View from the top of a measurement tower, where researchers monitor critical forest canopy processes such as photosynthesis, plant water fluxes, leaf characteristics, and growth. (Credit: Joao M. Rosa, AmazonFACE)

Agriculture, forestry, and other types of land use account for 23% of human-caused greenhouse gas emissions, yet at the same time natural land processes absorb the equivalent of almost a third of carbon dioxide emissions from fossil fuels and industry, according to the International Panel on Climate Change, which issued the first-ever comprehensive report on land and climate interactions earlier this month. How long will the Amazon rainforest continue to act as an effective carbon sink?

An international team of scientists, including climate scientists from the Department of Energy’s Lawrence Berkeley National Laboratory (Berkeley Lab), investigated this question and found that accounting for phosphorus-deficient soils reduced projected carbon dioxide uptake by an average of 50% in the Amazon, compared to current estimates based on previous climate models that did not take into account phosphorus deficiency. The Amazon Basin is critical to helping mitigate climate change due to the Amazon rainforest absorbing a quarter of the total amount of CO2 absorbed by all forests globally.

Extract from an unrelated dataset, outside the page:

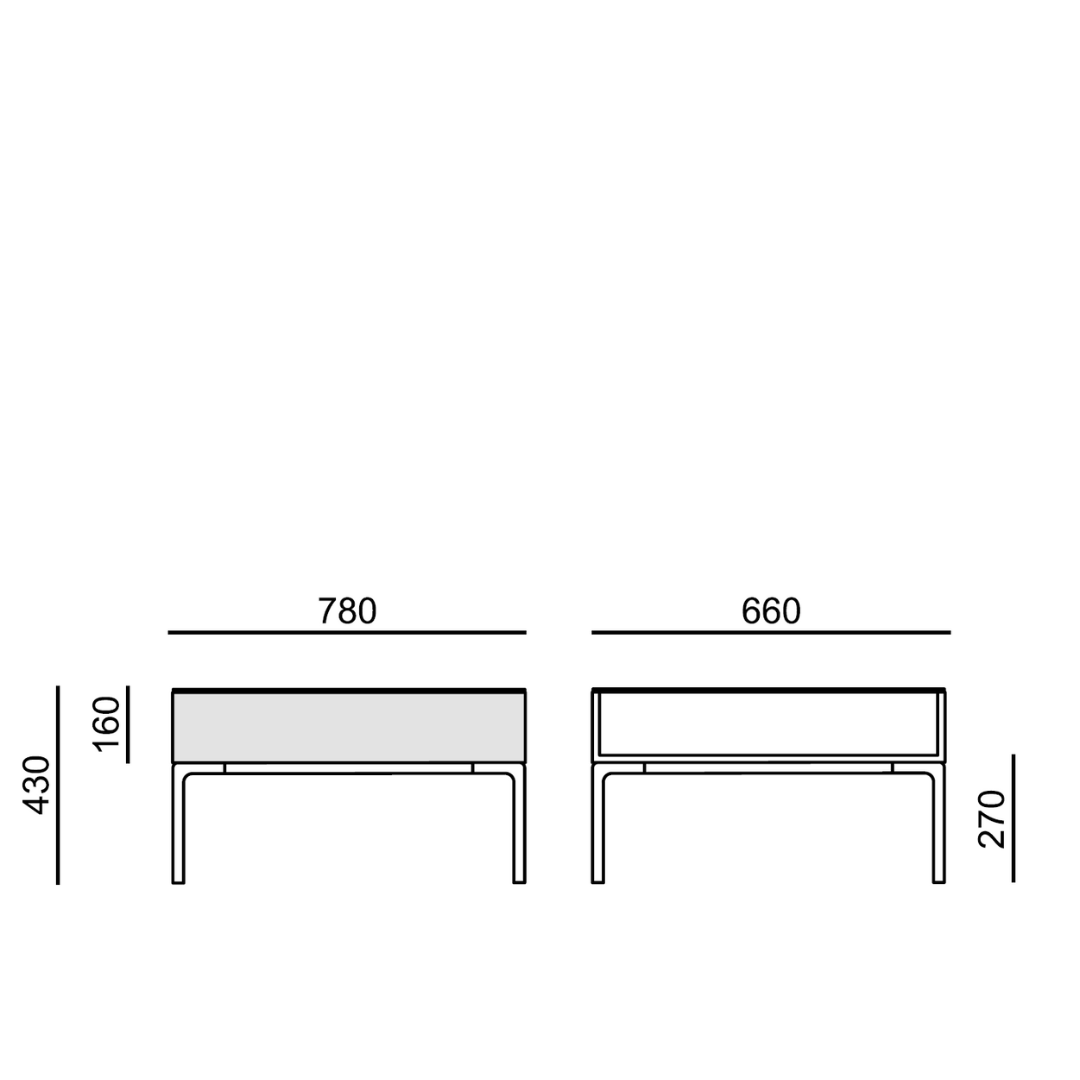 Konferenční stolek 660 x 780 mm, výška 430 mm.

The paper, “Amazon forest response to CO2 fertilization dependent on plant phosphorus acquisition,” was published August 5 in the journal Nature Geoscience.

“Most predictions of the Amazon rainforest’s ability to resist climate change are based on models that have outdated assumptions; one of those is that a sufficient supply of nutrients such as phosphorus exist in soils to enable trees to take in additional CO2 as global emissions increase,” said Berkeley Lab research scientist and study co-author Jennifer Holm. “But in reality the ecosystem is millions of years old, highly weathered, and therefore depleted of phosphorus in many parts of the Amazon.

Researchers involved in the AmazonFACE project monitored tree growth and leaf development aboveground, and tracked root growth and activity within soils belowground at a study site north of Manaus, Brazil where ambient CO2 concentration is planned to be artificially elevated to enable a realistic investigation of how future CO2 concentrations will affect the ecosystem.

“Our improved models now take into account these complexities, and could serve to help paint a more realistic portrayal of how the Amazon, and the tropics in general, will be impacted by climate change and the ability of trees to remove greenhouse gases from the atmosphere,” Holm said.

The lead author of the study was Katrin Fleischer of the Technical University of Munich (their release here). Holm was supported by DOE’s Next Generation Ecosystem Experiments (NGEE)-Tropics, and Berkeley Lab co-author Qing Zhu was supported by DOE’s Energy Exascale Earth System Model (E3SM) project.